Records for the task:

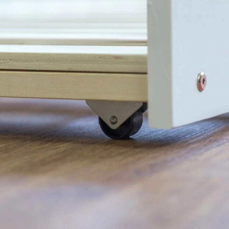 Konstrukce z masivní borovice lakované do elegantní bílé barvy zajišťuje stabilitu, dlouhou životnost a svěží vzhled. Horní i spodní postel jsou vybaveny rolovacími lamelovými rošty, takže není nutné pořizovat další příslušenství. Výsuvná část se snadno pohybuje na hladkých plastových kolečkách a během okamžiku vytvoří druhé lůžko se stejným rozměrem 90×200 cm.
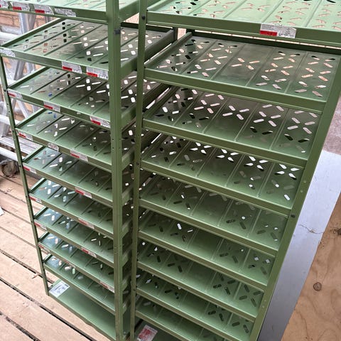 Rigtig fin Grøn skruereol. Kan også bruges til andet end skruer.
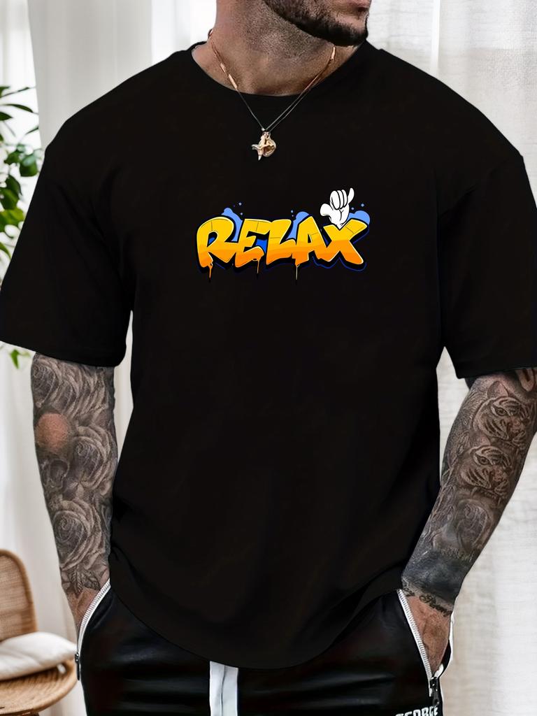 Mens Casual Tshirt Graffiti Relax Print Short Sleeve Round Neck Breathable Soft Oversized Trendy Daily Wear Tee
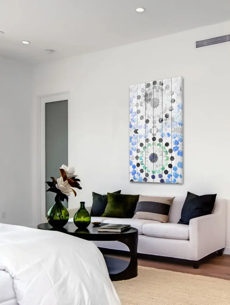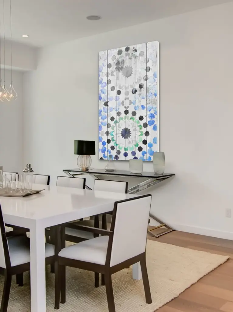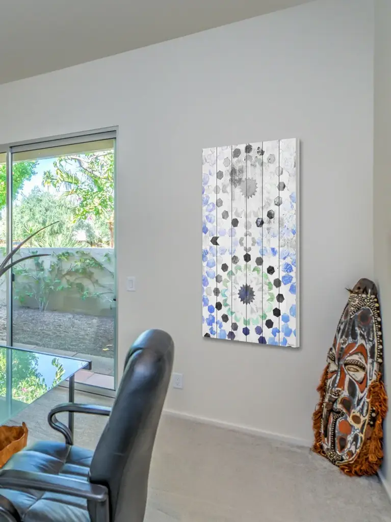 Striking and unique, the "Sevilla" Print on White Wood by Parvez Taj will bring your walls to life. Printed on white wood, this 20 inch wide by 40 inch tall contemporary artwork will make a statement in any living room, dining room, or bedroom.- Fine art UV ink print on white wood by Parvez Taj- wood pieces are hand-selected by Fine craftsmen for printing- Arrives ready to hang- Includes a certificate of authenticity- Artist signature on the front
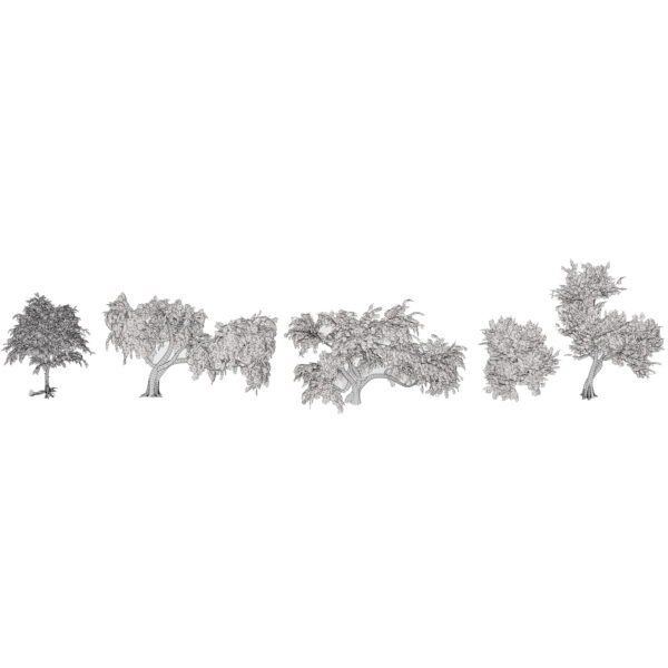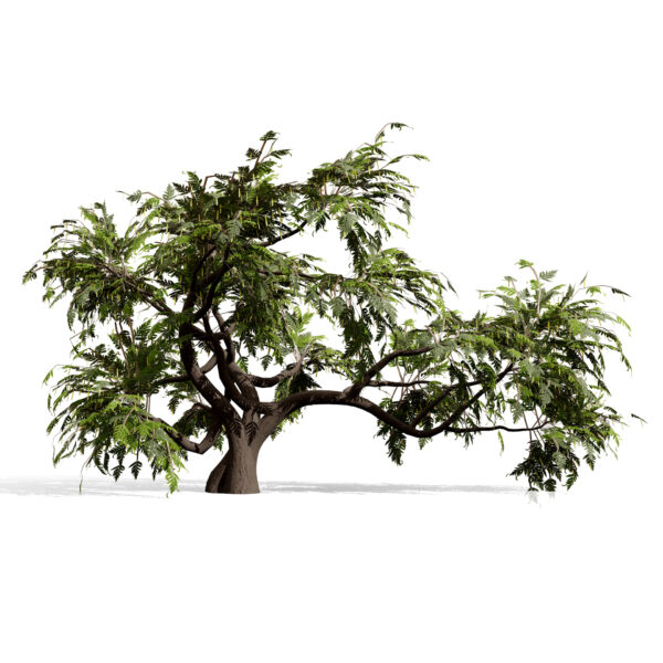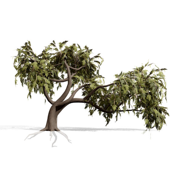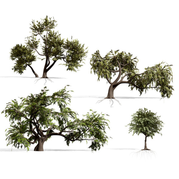 This asset pack features four distinct growth variations, ranging from a solitary upright tree to complex, multi-stemmed, and windswept forms typical of desert landscapes. The models showcase the tree’s signature gnarled bark, intricate branch structure, and delicate, feathery foliage, making them perfect for close-up architectural visualizations or large-scale environmental scattering.

Task to carry out: In the records above, find the line containing "Striking and unique, the" and restate it and every line after it word for word, all pictures excluded.

Solution for this exercise:
 Striking and unique, the "Sevilla" Print on White Wood by Parvez Taj will bring your walls to life. Printed on white wood, this 20 inch wide by 40 inch tall contemporary artwork will make a statement in any living room, dining room, or bedroom.- Fine art UV ink print on white wood by Parvez Taj- wood pieces are hand-selected by Fine craftsmen for printing- Arrives ready to hang- Includes a certificate of authenticity- Artist signature on the front
 This asset pack features four distinct growth variations, ranging from a solitary upright tree to complex, multi-stemmed, and windswept forms typical of desert landscapes. The models showcase the tree’s signature gnarled bark, intricate branch structure, and delicate, feathery foliage, making them perfect for close-up architectural visualizations or large-scale environmental scattering.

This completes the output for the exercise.